Выбрать главу

Высший акт кенотического смирения преподобного Сергия — его отказ от митрополичьей кафедры. К тому времени был он уже в преклонных летах и известен даже в Греции как один из наиболее выдающихся и достойных личностей в Русской Церкви{418}. Митрополит Алексий, будучи в преклонном возрасте, был озабочен поисками преемника. Так же, как и князь Димитрий, он хотел видеть на московской кафедре русского, а не грека. Митрополит Алексий вызвал к себе преподобного Сергия и в качестве символического посвящения надел на него золотой наперсный крест, украшенный драгоценными камнями. Преподобный Сергий отклонил неожиданный дар: «Прости меня, владыка, но я с юности не носил золото, в старости же особенно хочу в нищете жить». Когда митрополит раскрыл ему цель вызова, преподобный Сергий «сильно опечалился, ибо весьма суетным делом считал для себя это». Он решительно отказался: «Прости меня, владыка, но выше моих сил ты требуешь; и на это никогда я не соглашусь. Кто я такой, грешный и худший из всех людей?» При всем смирении, он обладает чувством собственного достоинства и твердостью, защищая идеал святого уничижения: «Владыка святой! Если не хочешь, чтобы ушел я, нищий, и не слышал святыню твою, больше не продолжай об этом говорить со мной, бедным, и другому никому не разрешай, потому что никто меня не сможет переубедить». Уговоры князя — после смерти митрополита Алексия — также не имели успеха. Преподобный Сергий оставался твердым и непреклонным.

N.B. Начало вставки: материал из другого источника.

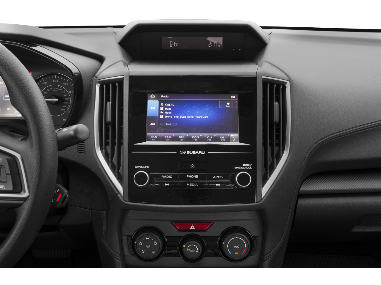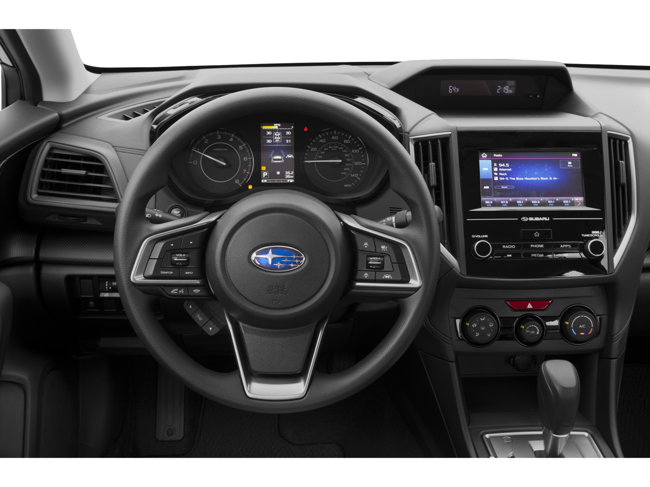 - Radio: Subaru STARLINK 6.5" Multimedia Plus System -inc: AM/FM stereo, HD radio, single disc CD player, MP3/WMA/CRR/RW file capability, multi touch gesture high resolution 6.5 LCD display screen, Bluetooth® audio streaming connectivity, Bluetooth® hands-free phone connectivity, iPod control capability, rear-vision camera display, SiriusXM All Access radio (subscription required), SiriusXM Travel Link (subscription required), smartphone integration, AHA, Android Auto, CarPlay, Pandora, 6 speakers, 3.5mm auxiliary input jack, dual USB ports, roof mounted antenna and audio/satellite connected services
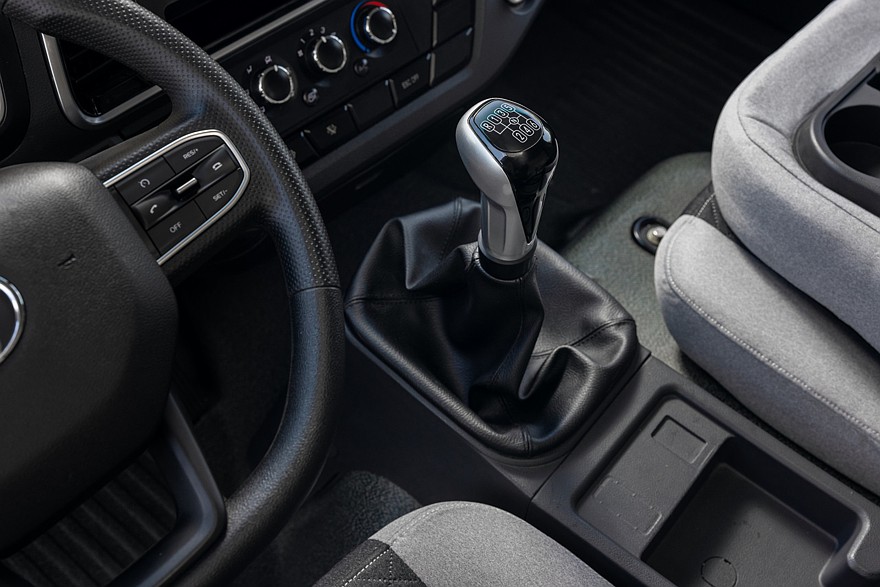 Испытать все режимы при полной нагрузке у нас возможности не было, однако поведение порожнего автомобиля они меняют не очень сильно. Хотя нельзя исключать того, что их влияние, особенно — экономичного режима, проявляется на больших дистанциях, нежели нам удалось преодолеть во время теста. А вот что сразу заметно очень ярко — это точная работа механической коробки. Передачи переключаются четко, ходы ручки недлинные и понятные, легко прогнозируемые, будто на легковом автомобиле. Несмотря на отсутствие блокиратора, шанс спутать первую передачу и задний ход минимальны: даже не очень опытный водитель легко различит положение и выберет правильное направления движения рычага.
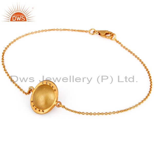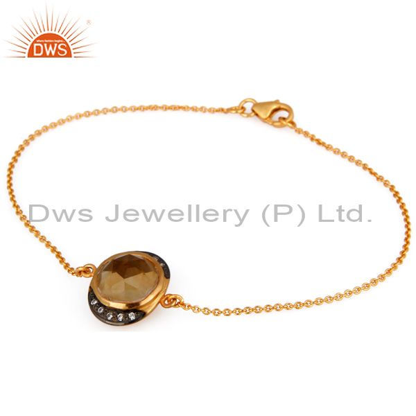 Natural Citrine And Cz 925 Sterling Silver Bracelet With Gold Plated
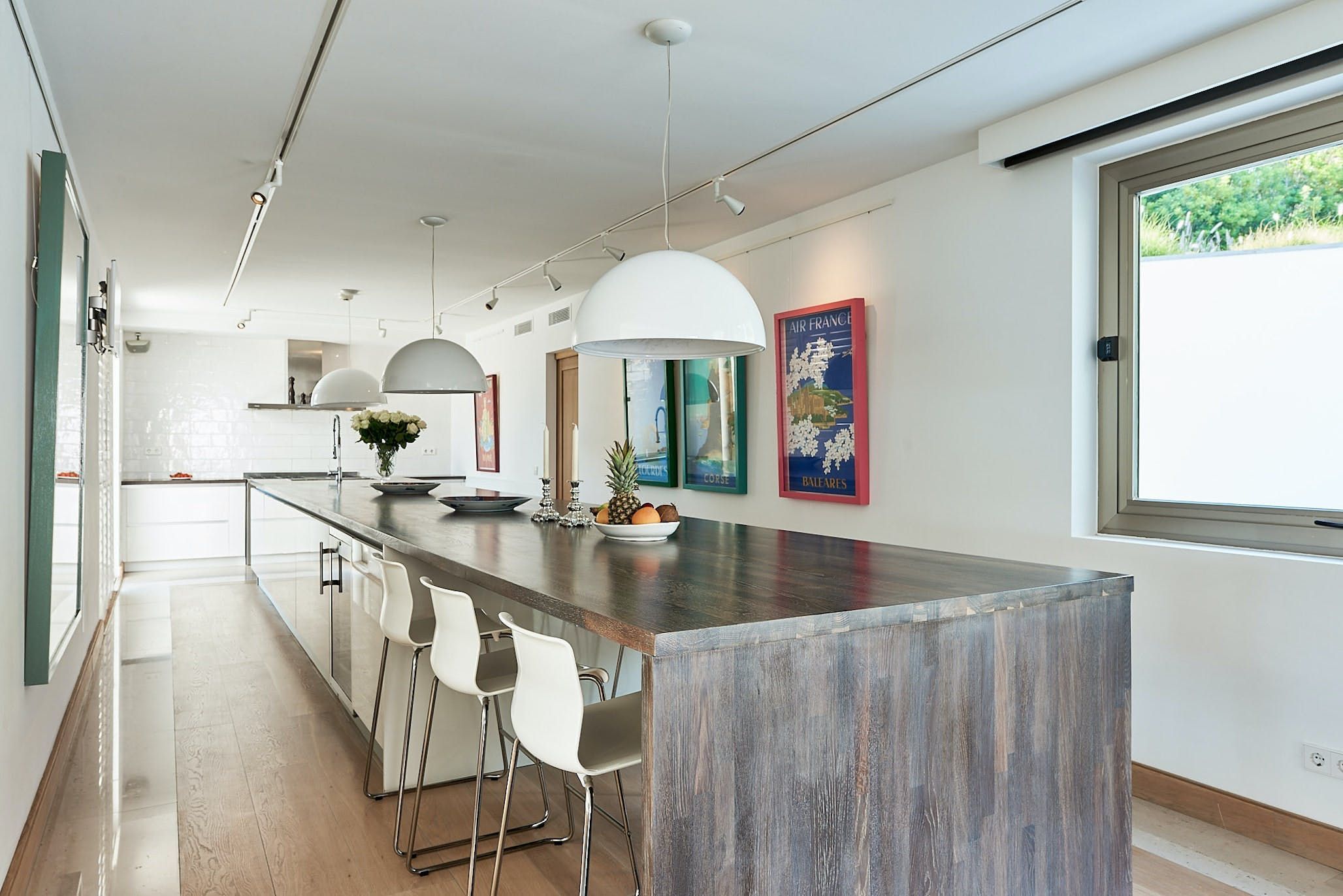 Peace and tranquillity spring to mind in this restful and secluded villa. Step into privacy and peace as you have everything you need to enjoy the wide-stretched views of Salinas to Porroig. The private gardens are a sight to behold from cosy by-the-fire moments on the sun terrace to feeling like you're swimming for miles in the infinity pool. A moment's bliss can be found around every hidden corner, as there are waterfalls and glistening, reflective decor to lead you to the next hidden gem.
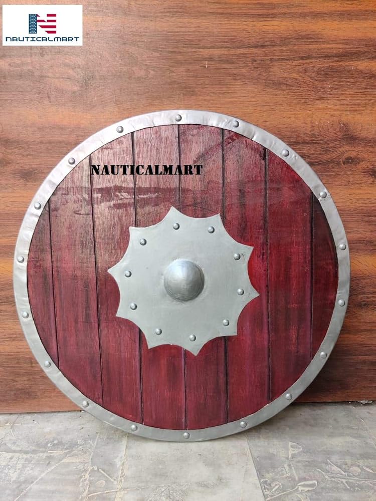 ✔️Medieval Viking Red Wood and Steel Replica Shield LARP Costume Piece
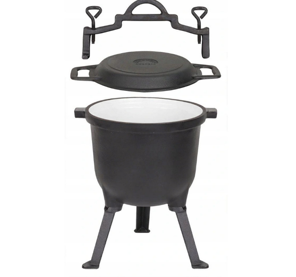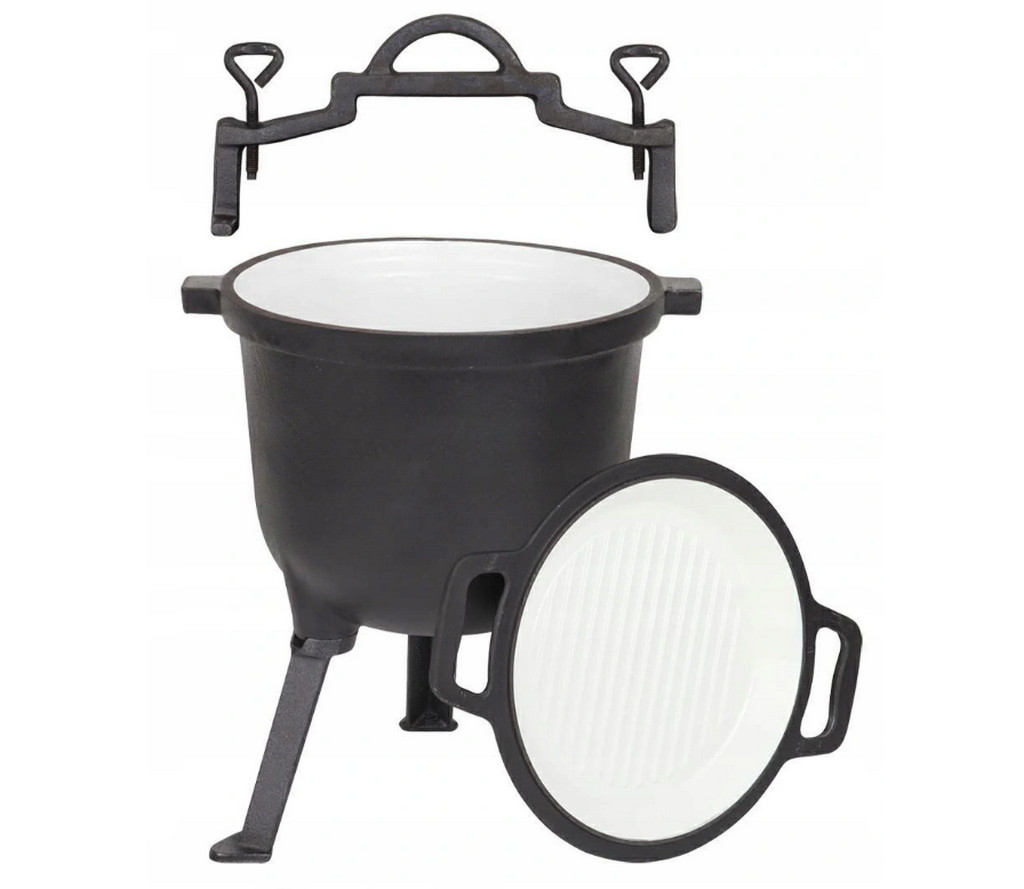 KOCIOŁEK ŻELIWNY 8L Z PATELNIĄ GRILLOWĄ

Подобное отрицательное отношение к чинам и власти даже в церковном мире проявлял преподобный Сергий и среди учеников. Один из них, его племянник Федор, сделал блестящую карьеру. Назначенный князем игуменом нового (Симоновского) монастыря в Москве, он единственный изо всех архимандритов русских удостоился высшей чести от вселенского патриарха и затем окончил жизнь архиепископом Ростовским. Следя за витками его карьеры, преподобный Сергий «весьма беспокоился о чести и славе его; и молитвы непрестанные к Богу обращал, чтобы не случилось какого‑либо Федору преткновения».

Кенотический идеал, доведенный до высшей степени, едва ли совместим с обязанностями правителя — это уже испытал преподобный Феодосий, игумен первого Киевского монастыря{419}. По отношению к пастве преподобный Сергий вел себя как равный среди равных или даже как нижестоящий — как слуга всех. Мы знаем, как свободны были монахи в выражении мятежных чувств. Эта свобода привела однажды к открытому мятежу и расколу в монастыре. Эпизод, рассказанный с некоторой сдержанностью и сглаживанием острых углов, связан с введением киновийного (общежительного) устава.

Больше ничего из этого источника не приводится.